To tackle this problem, we need to understand the relationship between the moisture content of the sheet and the time it takes to lose that moisture. The statement indicates that the rate of moisture loss is proportional to the current moisture content, which is a classic example of exponential decay. Let's break this down step by step.

Understanding the Moisture Loss

When a wet porous substance loses moisture at a rate proportional to its moisture content, we can express this mathematically. If we let \( M(t) \) represent the moisture content at time \( t \), the relationship can be described by the differential equation:

dm/dt = -kM

Here, \( k \) is a positive constant that represents the rate of moisture loss. This equation indicates that as moisture decreases, the rate of loss also decreases.

Exponential Decay Model

The solution to this differential equation is:

M(t) = M_0 e^{-kt}

where \( M_0 \) is the initial moisture content. This equation shows that moisture decreases exponentially over time.

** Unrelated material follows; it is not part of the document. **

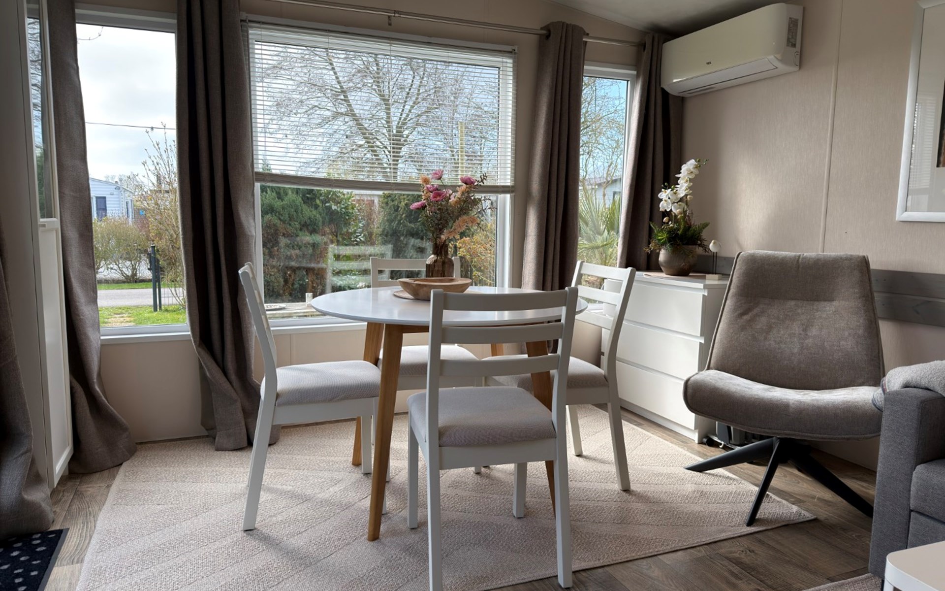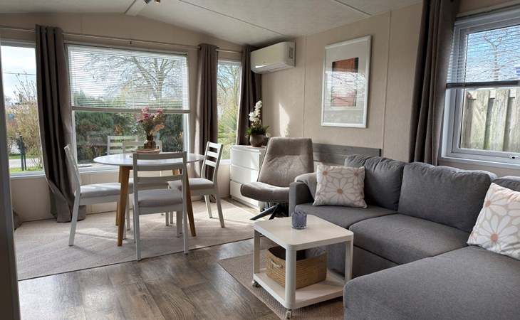 Welkom in dit splinternieuwe chalet, dé ideale plek voor een heerlijke vakantie in de prachtige Kop van Noord-Holland. De gezellige woonkamer nodigt direct uit om te ontspannen, met een comfortabele bank waar je na een actieve dag helemaal tot rust komt. Met de smart TV en gratis WiFi heb je altijd entertainment binnen handbereik en blijf je moeiteloos verbonden.

Applying the Given Conditions

From the problem, we know two key points:

  • In the first hour, the sheet loses half of its moisture.
  • It loses 99% of its moisture in time \( t \).

Let's analyze the first condition. If the moisture content is halved in the first hour, we can set up the equation:

M(1) = M_0 / 2

Substituting into the exponential decay formula gives:

M_0 e^{-k \cdot 1} = M_0 / 2

Dividing both sides by \( M_0 \) (assuming \( M_0 \neq 0 \)) leads to:

e^{-k} = 1/2

Taking the natural logarithm of both sides, we find:

-k = ln(1/2)

Thus, we have:

k = -ln(1/2) = ln(2)

Finding Time \( t \)

Now, let's use the second condition where the sheet loses 99% of its moisture. This means that only 1% of the original moisture remains:

M(t) = 0.01M_0

Substituting into the decay formula gives:

M_0 e^{-kt} = 0.01M_0

Again, dividing by \( M_0 \) leads to:

e^{-kt} = 0.01

Taking the natural logarithm of both sides results in:

-kt = ln(0.01)

Substituting \( k = ln(2) \) into the equation gives:

-ln(2) \cdot t = ln(0.01)

Solving for \( t \) yields:

t = -\frac{ln(0.01)}{ln(2)}

Calculating \( 2^{(t/2)} \)

Now, we need to find the value of \( 2^{(t/2)} \). We can express \( t \) in terms of base 2:

t = -\frac{ln(0.01)}{ln(2)} = -\frac{ln(10^{-2})}{ln(2)} = \frac{2ln(10)}{ln(2)}

Thus, \( t/2 \) becomes:

\frac{t}{2} = \frac{ln(10)}{ln(2)}

Now, substituting this into \( 2^{(t/2)} \) gives:

2^{(t/2)} = 2^{\frac{ln(10)}{ln(2)}} = 10

Final Result

Therefore, the value of \( 2^{(t/2)} \) is 10. This illustrates how we can use the principles of exponential decay to solve real-world problems involving moisture loss.